Despite high hopes for a solid holiday weekend performance, the U.S. hotel industry saw its steady recovery progress plateau the week of July 4, according hotel data analytics firm STR.
"We hit the bottom for the industry the week of April 11, and it's been improving ever since, but we actually saw a reversal of that with the week ending July 4," said STR senior consultant Hannah Smith during an Americas Lodging Investment Summit (ALIS) Summer Update webinar event on July 13. "Everyone was projecting a big week for the industry, but we saw this come right as some areas, [including] Texas beach areas and Florida, started to reclose bars and beaches, and that caused a rollback in occupancy in a lot of those markets."
STR data shows the number of U.S. rooms sold the week of July 4 totaled 16.1 million rooms, which was slightly below the number of rooms sold the week prior.

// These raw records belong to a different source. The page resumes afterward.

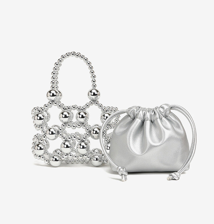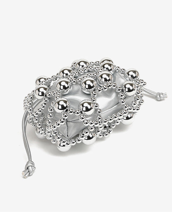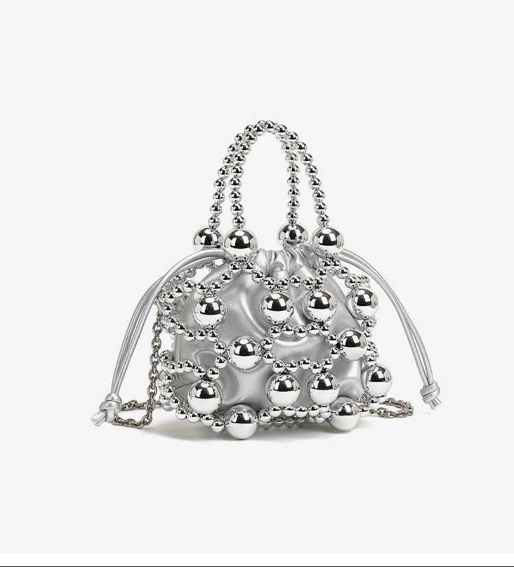 An elegant mini bag with shiny beaded details and a drawstring closure. Its intricate pearl handle and polished finish make it the perfect stylish accessory.
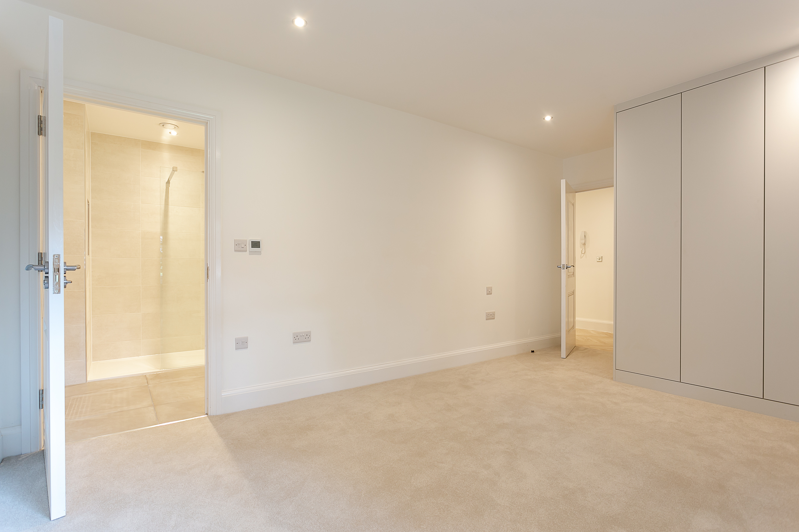 The principal bedroom with handmade fitted wardrobes providing ample storage also benefits from a modern en-suite shower room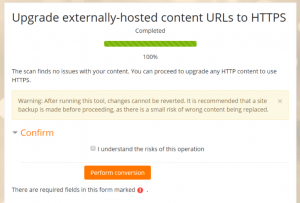 La herramienta para conversión a HTTPS convertirá cualquier contenido HTTP incrustado (no enlaces)en su sitio a HTTPS, para que se muestre correctamente en su sitio HTTPS. Es accesada desde la pantalla de seguridad HTTP en la Administración del sitio, o al escribir directamente SUSITIOMOODLE.com/admin/tool/httpsreplace/index.php (donde SUSITIOMOODLE.com es el nombre de su sitio).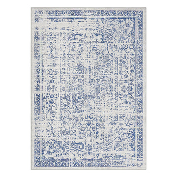 Garvee Vintage Area Rug, 4x6 Stain Resistant Carpet Non Shedding Non-Slip Soft Rug Bedroom Dining Room or Home Office, Low Pile Farmhouse Oriental Indoor Floor Carpet Blue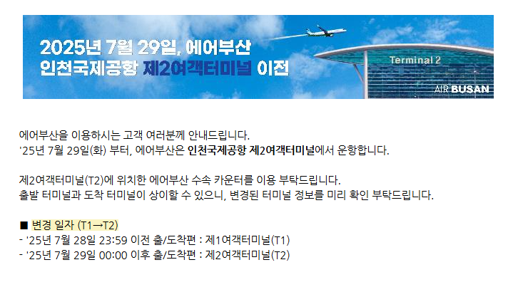 에어부산은 2025년 7월 29일 00시부터 인천국제공항 제2여객터미널(T2)로 이전하여 운항하고 있습니다.

In addition to slowing rebound trends, Smith reported that the economy sector now represents the lion's share of U.S. demand. According to STR, the economy segment accounted for 41% of U.S. hotel demand for May, versus just 25% of demand in May 2019.

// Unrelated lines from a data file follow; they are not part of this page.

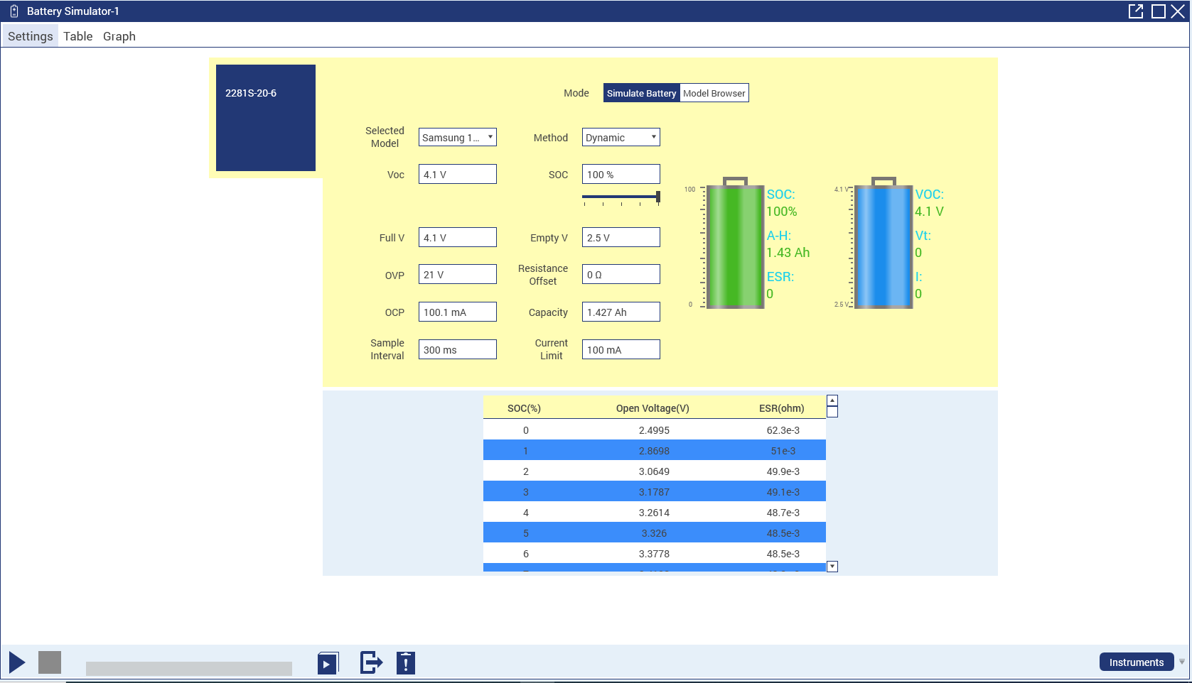 KickStart 电池模拟器应用程序为用户提供了创建、管理和模拟电池模型的简单方法,以及循环测试电池的能力。这款用于 KickStart 软件的可选专业应用程序可以搭配吉时利 2281S 电源/电池模拟器(用于模拟电池模型)、吉时利 2380 直流电子负载(用于生成电池模型),以及吉时利 2400 图形化系列和 2600A/B 系列 SMU(仅 A 通道)(用于生成电池模型、电池模拟和电池充电/放电循环测试)一起使用。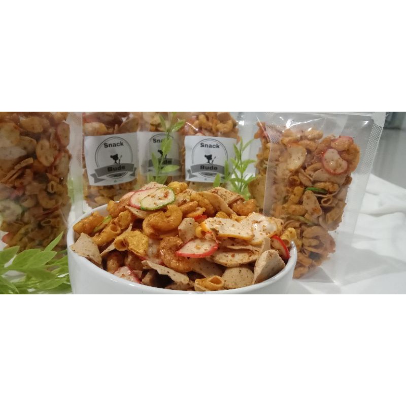 seblak kering pedas mix makaroni krupuk dan basreng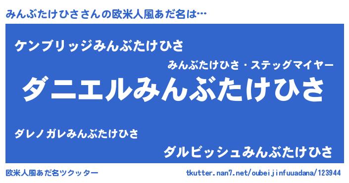 | ヘコむあだ名 | 『みんぶたけひさ(笑)』『豆乳』 |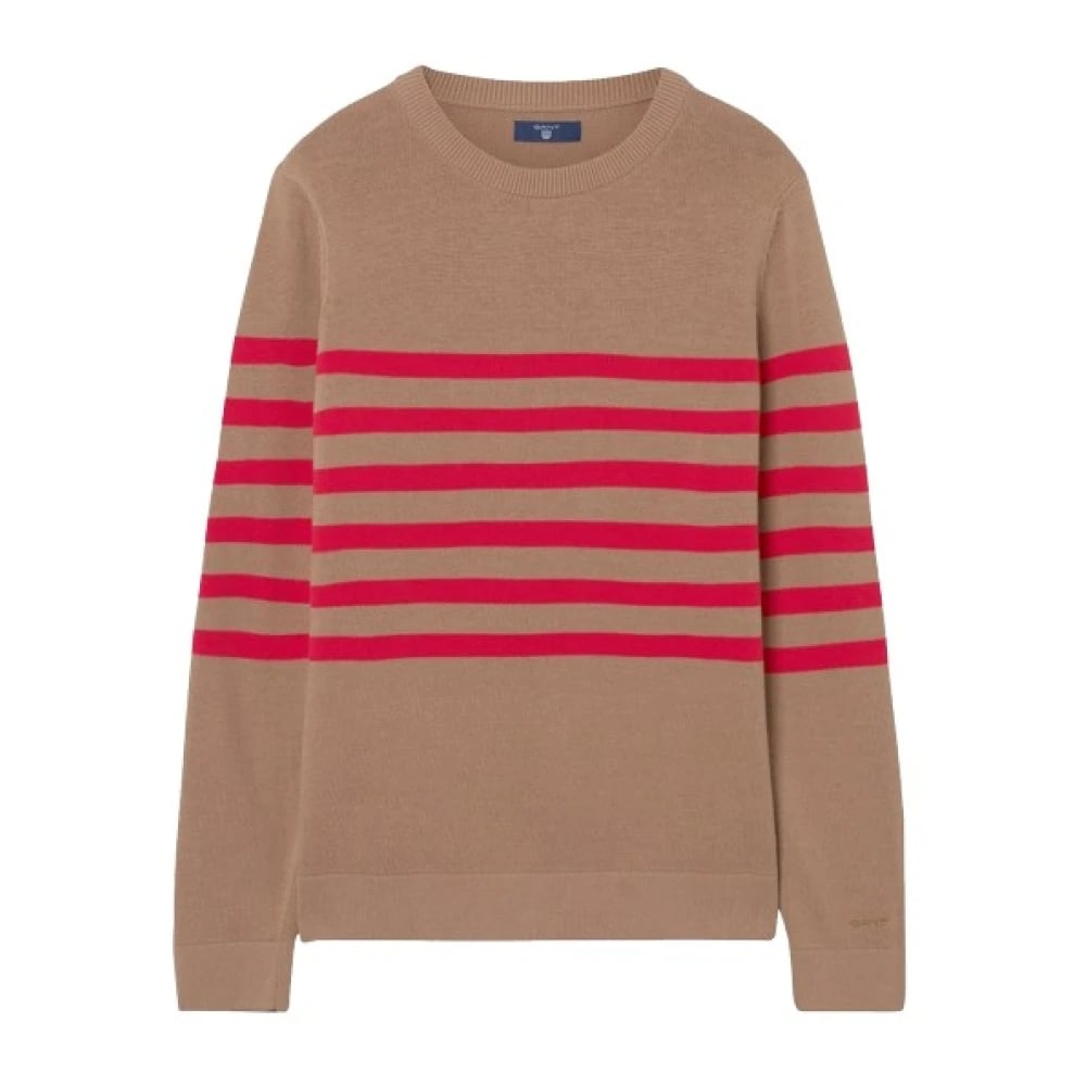Gant, Strik , Dame, Brun, S, Uld, Stribet sweater med ribstrikket krave

Meanwhile, upper upscale and luxury hotels accounted for just 8% of U.S. hotel demand in May, down from 21% in May 2019.
"It's unsurprising that this [upper upscale and luxury] segment has been hurt the most," said Smith. "It's also the segment where we saw a lot of closures happen in April and May, and obviously they've been hit really hard by the loss of group and business travel."
Average daily rate (ADR) levels for STR's high-end classes have also contracted sharply, with the U.S. luxury class ADR for May at $185, versus $296 for the same month last year. The U.S. upper upscale ADR totaled $118 and $192 for May 2020 and May 2019, respectively.
According to Smith, these declines have caused "a kind of compression between the classes."
"In 2019, there was about a $120 difference between economy and upper upscale," Smith explained. "And now, in 2020, that same $120 difference will actually get you from economy to luxury class."
STR's 2020 hotel industry forecast predicts that U.S. revenue per available room (RevPAR) will decline 50.6% for the year, with industrywide ADR expected to dip 21.4%. Concurrently, occupancy is projected to fall 37.1%, while supply is set to rise 1.4%, and demand is predicted to fall 36.2%.